We knew our child with spina bifida had this particular birth defect before adopting- but the rest of our children’s challenges showed up after birth.  Through my connection with such a wide range of health care professionals, this summer God led me to start Signposts Ministries.  Signposts Ministries is a religious and charitable organization designed to minister to the whole person.  We meet the needs of families that have children with chronic health problems in a variety of ways- physical, emotional, financial, and spiritual.  We want to provide free devotions and Bible studies online for both parents and children, and we hope to continue meeting physical needs both here in the U.S. and internationally.  Check us out at: www.signpostsministries.org

Unconditional Thanks

I have several friends who are pregnant right now.  I remember being pregnant.  It was both enjoyable and loathsome at the same time.  But then again, I had terrible morning (all day) sickness.  That was actually the only loathsome part.  Overall, it was pretty fun.  I really enjoyed getting to the point where I was showing.  I didn’t mind people asking me about my pregnancy.  I was kind of hoping they would notice, because I was pretty excited, and I wanted everyone else to be just as excited as I was.

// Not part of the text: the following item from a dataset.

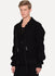 Wool jacket in black from Croatian designer Damir Doma, now based out of Italy, adds a soft heavily fulled black dyed cloth blended of 75% virgin wool and 25% nylon shell with raw edges throughout. The bomber jacket is constructed with a washed chambray turn out lapel collar and hem, classic raglan shoulder. Closed with a fine zip, rib knit sleeve cuffs and hem, welt pockets to front, and finished with side entry chest pockets with signature drawstrings. Made in Italy.
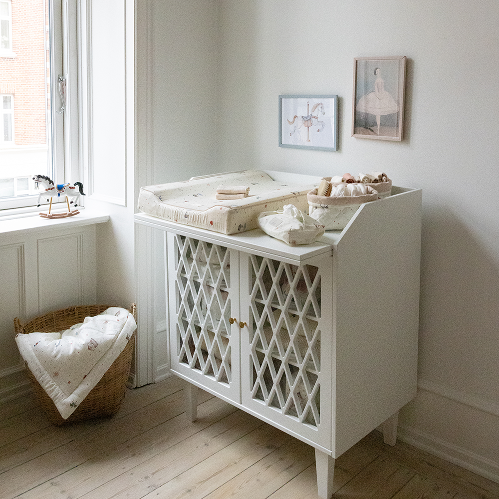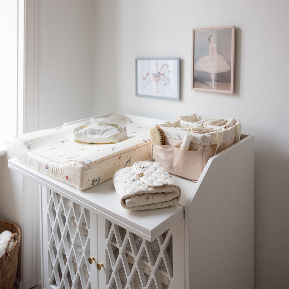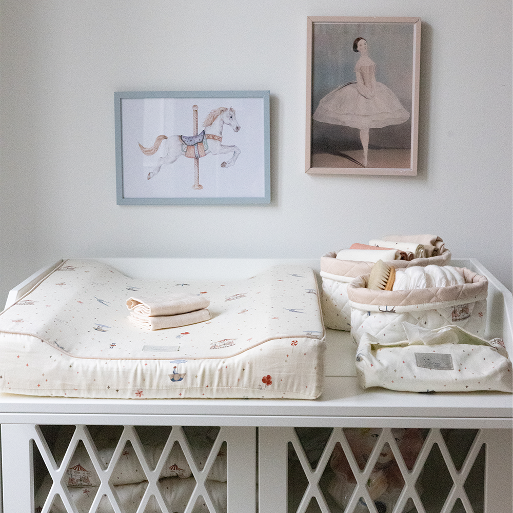 Die hübsche Wickelunterlage mit zartem Print von Cam Cam mit hohen Kanten bietet deinem Baby ein angenehmes Wickelerlebnis und eine gute Liegeposition. Das Kissen besteht aus kaltgepresstem Schaum und besitzt einen abnehmbaren und waschbaren Bezug, welcher eine praktische schmutz- und wasserabweisende Beschichtung hat. Um das Waschen des Bezugs zu erleichtern, verfügt das Kissen innen über einen weichen Futterstoff, was ein einfaches Abnehmen und Anbringen des Bezugs ermöglicht.

There are recurring themes in people’s conversations with parents-to-be.  When are you due?  Is this your first?  How do you feel?  Do you know if it’s a boy or a girl?

Usually, if the parent does not know the baby’s sex, they will answer, “We don’t care if it’s a boy or a girl- as long as it’s healthy!” *Big smile*

That sounds nice.  To the average person.

I’m not sure when this phrase started bothering me.  I think it was when I first became a mom, way before I knew what our journey would be like in a few years.  Don’t throw tomatoes yet.  I understand the sentiment behind the words.  We hope our children are healthy.  For that matter, I hope I’ remain healthy, and that we all live to a ripe old age, doing God’s kingdom work to our fullest, until we peacefully pass away in our sleep with our grandchildren gathered round.  Every single one of us.  I even wish that for you, dear reader, whom I may not even know in real life.

“As long as it’s healthy.”  I want to ask, “And if it’s not?”  Then what?

For some people, the answer to that question is abortion.  Children like my daughter are aborted by the thousands every year.  But even strong, pro-life Christians can be found spouting the phrase, “as long as it’s healthy.”  So, it *kind of* sounds like we’re saying, “God, I’m letting you pick the gender as long as you don’t give me a child with a disability.”  I wasn’t aware that God was making deals like that.  Personally, I think he’s most capable of picking the gender and the physical and mental condition of our children.  As Job  asked his wife, “should we accept good from God and not evil (trouble)?”

I could never make those words come out of my mouth.  My pregnancies and adoptions were totally surrendered to God.  We wanted him to pick the way things turned out.  We wanted him to be totally in charge.  Because if there is one thing we know about God, it’s that he is trustworthy.  He loves our children more than we do (can you imagine)!  No matter what their physical or mental condition, your children contain a precious soul that is worth more to God that anything else on this earth.  He wants you to cherish your child, no matter what packaging they come in.  Knowing this, I can thank God in advance for what he is going to give me, before I even know the outcome.  I can thank him for his goodness and kindness and omnipotence.  At church, we often do a call and response of, “God is good all the time, and all the time, God is good.”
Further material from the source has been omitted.